Gianni Ratto e o teatro brasileiro
O Rio foi palco da modernização do teatro brasileiro, para a qual os artistas italianos do pós-guerra contribuíram de maneira fundamental
Fernanda Montenegro
Nesses 450 anos de sua história, o Rio nunca prescindiu da cultura italiana. Nem poderia. A cidade nasceu no período glorioso da Renascença. Há relatos da influência italiana na música, na arquitetura e nas artes cênicas. No desenvolvimento da nossa vida cultural, principalmente a partir do século XIX, a Itália nunca esteve ausente. Inclusive pela sua absoluta importância.
Na geração do pós-guerra, que é a minha, na minha área, toda uma frente de jovens diretores de teatro, italianos, veio para o Brasil: Ruggero Jacobbi, Adolfo Celi, Bolini,D’Aversa, Luciano Salce e Gianni Ratto.
Gianni Ratto foi um dos fundadores da Cia “Piccolo Theatro de Milão” e durante 10 anos seu cenógrafo-chefe. Era o fim de uma guerra insana. A Europa desunida. Eles vieram em busca de novas oportunidades. Com eles o teatro brasileiro se modernizou.

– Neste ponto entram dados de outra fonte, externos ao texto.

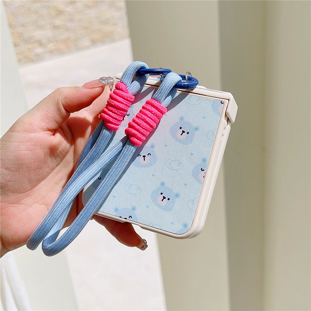 For Samsung Galaxy Z Flip7 FE 5G / Z Flip6 5G Case Cute Bear Pattern PU + PC Protective Phone Cover with Strap
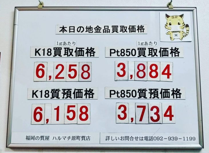 本日の18金買取価格¥6,258- プラチナ850買取価格¥3,884-
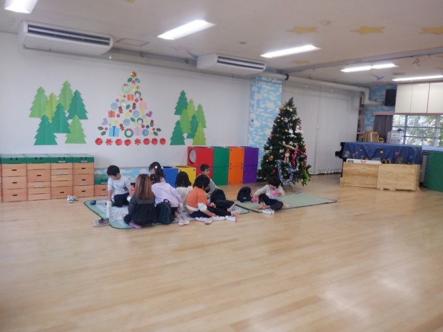 その後は、広々としたホールでツリーを見ながらお弁当を食べたぶどう組さんでした。
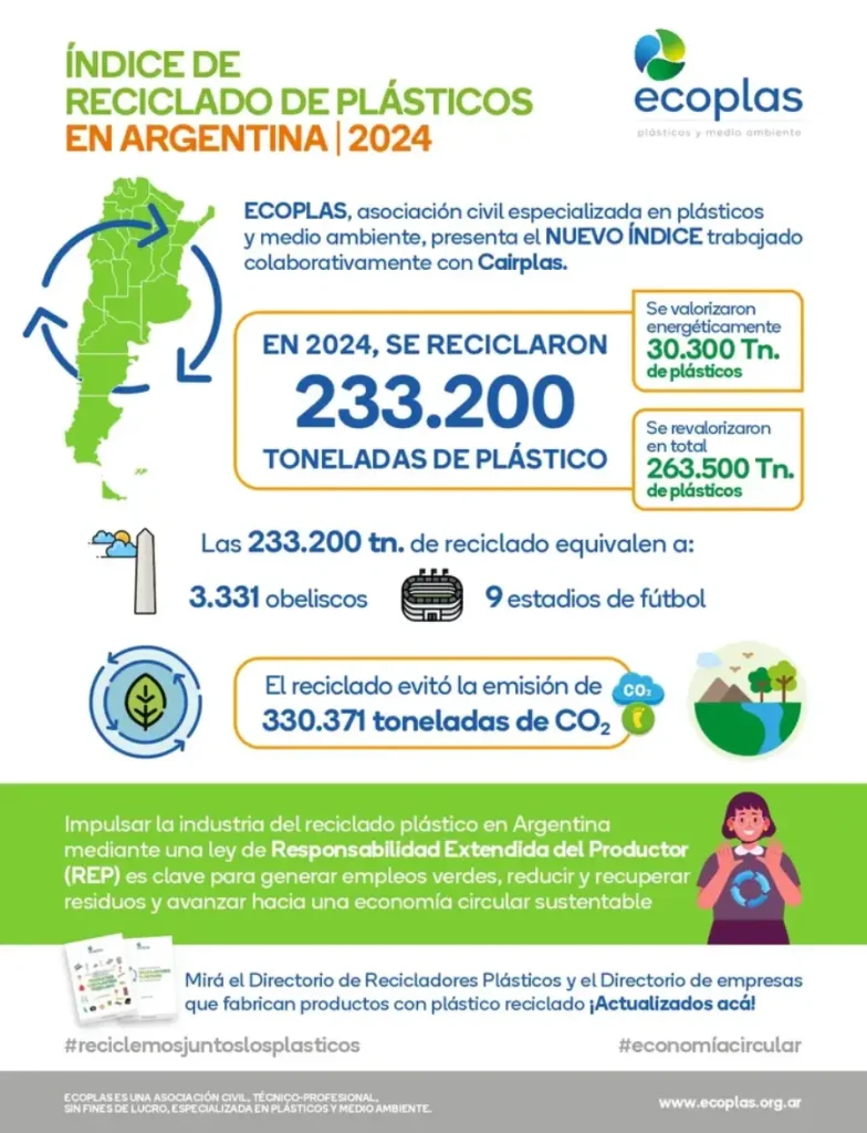 En Argentina se reciclaron mecánicamente 233.200 toneladas de plásticos y se valorizaron energéticamente otras 30.300 en hornos cementeros, durante 2024. Los datos fueron revelados en el último Índice de Reciclado de Plásticos presentado conjuntamente por Ecoplas, la asociación civil especializada en plásticos y medio ambiente, y la Cámara Argentina de Reciclados Plásticos (CAIRPLAS).
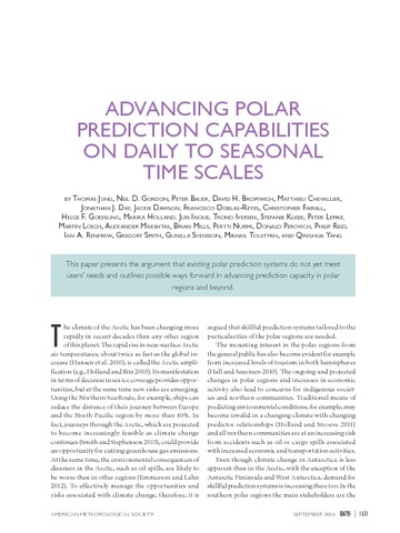 Jung, T., Gordon, N. D., Bauer, P., Bromwich, D. H., Chevallier, M., Day, J. J., Dawson, J., Doblas-Reyes, F., Fairall, C., Goessling, H. F., Holland, M., Inoue, J., Iversen, T., Klebe, S., Lemke, P., Losch, M., Makshtas, A., Mills, B., Nurmi, P., Perovich, D., Reid, P., Renfrew, I. A., Smith, G., Svensson, G., Tolstykh, M. and Yang, Q. (2016) Advancing polar prediction capabilities on daily to seasonal time scales. Bulletin of the American Meteorological Society, 97 (9). pp. 1631-1647. ISSN 1520-0477 doi: 10.1175/BAMS-D-14-00246.1

Deve-se também a esse grupo de encenadores italianos a formação de diretores brasileiros. Essa frente de homens de teatro se formou, quase toda, na Academia de Silvio D’Amico. Portanto, tinham método, disciplina e sólida cultura. E essa estrutura eles transmitiram a toda essa geração à qual pertenço.
Quero me restringir, porém, à minha experiência, porque eu me formei tendo muitos deles como diretores e também assistindo a espetáculos de outros grupos conduzidos por eles. Destaco, porém, a figura do Gianni Ratto. Formamos, com ele, a companhia: “O Teatro dos 7”. Desse grupo faziam parte: Ratto, Fernando Torres, Ítalo Rossi, Sergio Britto e eu. “O Teatro dos 7” obteve, durante seis anos, de 1959 a 1964, um imenso sucesso pela alta qualidade do repertório, pelo apuro técnico e pela excelência do elenco.

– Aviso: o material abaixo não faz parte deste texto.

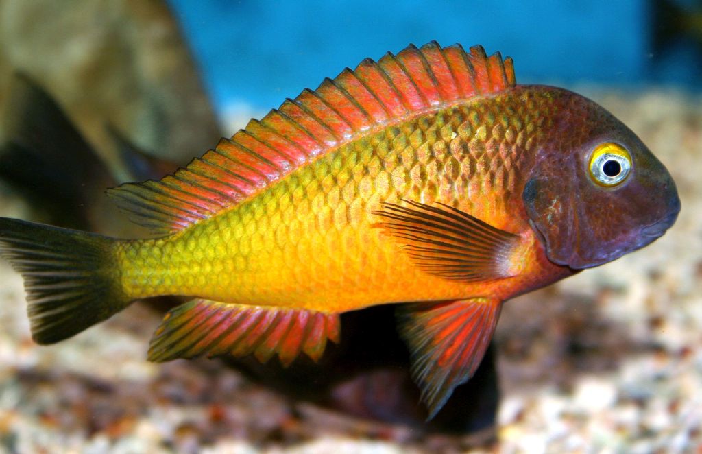 Native to the rocky regions around Nkamba Bay, the stunning yellow, red and purple colors of the Tropheus Ilangi make it one of the most sought after species of Tropheus in the aquarium hobby. These Lake Tanganyika cichlids are some of the most colorful in the hobby. They feature a purple colored head, a bright yellow body and red dorsal, pelvic, and anal fins.
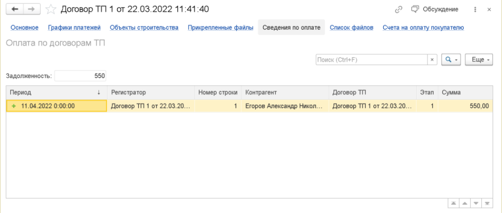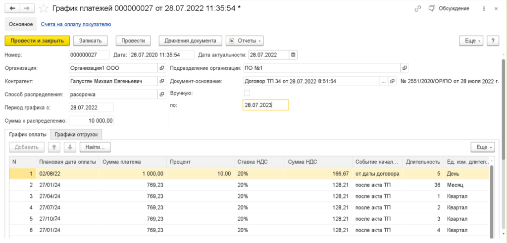По графику платежей регистрируются даты плановой оплаты. Имеется возможность отслеживать платежи по договорам.
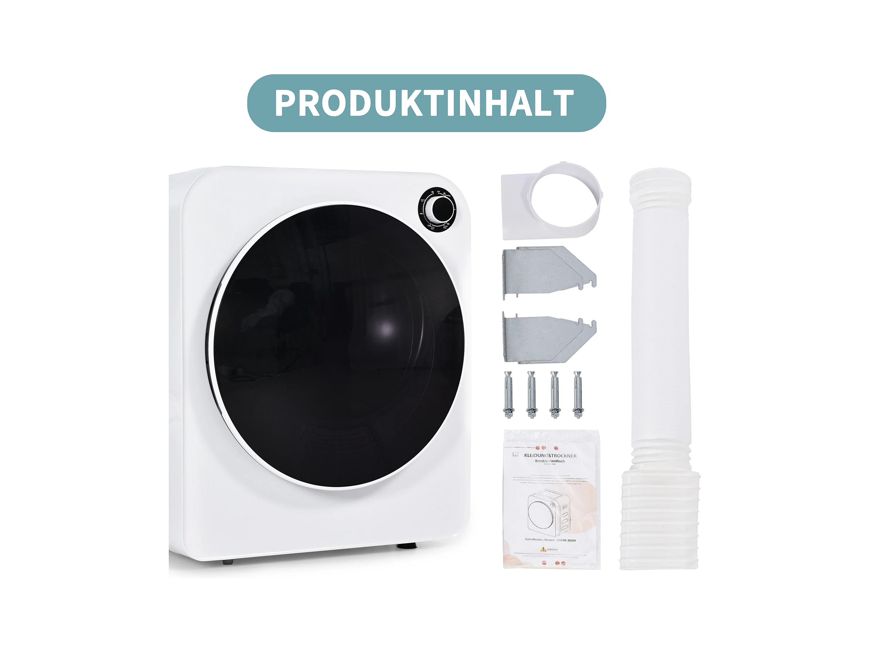 Sèche-linge hublot 2,5kg - chauffage en céramique PTC - avec protection de surchauffe - max 65 °C - accrochable au mur

Com a presença desses italianos entre nós, o teatro brasileiro alcançou uma universalização cênica sem jamais excluir, porém, a nossa brasilidade e o nosso temperamento. Esse sempre foi um propósito jamais descuidado por esses criadores. Jamais quiseram nos europeizar.
Alguns desses “irmãos de fé” voltaram para a Itália. Gianni Ratto e D’Aversa permaneceram e aqui deixaram sua marca criadora. Aqui viveram e aqui estão enterrados. Foram e são vidas entregues ao teatro do nosso país. Só nos engrandeceram. Particularmente, devo a Gianni Ratto o que de melhor eu pude alcançar como atriz.

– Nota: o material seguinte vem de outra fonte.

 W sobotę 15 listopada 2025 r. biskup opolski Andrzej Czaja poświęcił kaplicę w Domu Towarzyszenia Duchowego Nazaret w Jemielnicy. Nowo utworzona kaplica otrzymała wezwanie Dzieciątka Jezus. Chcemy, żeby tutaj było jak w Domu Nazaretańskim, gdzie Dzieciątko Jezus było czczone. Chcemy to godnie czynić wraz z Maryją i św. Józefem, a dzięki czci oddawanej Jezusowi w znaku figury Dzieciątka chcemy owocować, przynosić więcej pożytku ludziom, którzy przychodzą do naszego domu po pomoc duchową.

O Rio é o centro irradiador da nossa cultura. A propósito dos 450 anos da sua fundação, ao lembrar a influência italiana nos nossos palcos, neste pequeno artigo, como atriz brasileira de origem também italiana, como emblema, destaco com imensa gratidão a figura desse amigo, encenador, professor e, acima de tudo, verdadeiro artista: o italiano Gianni Ratto.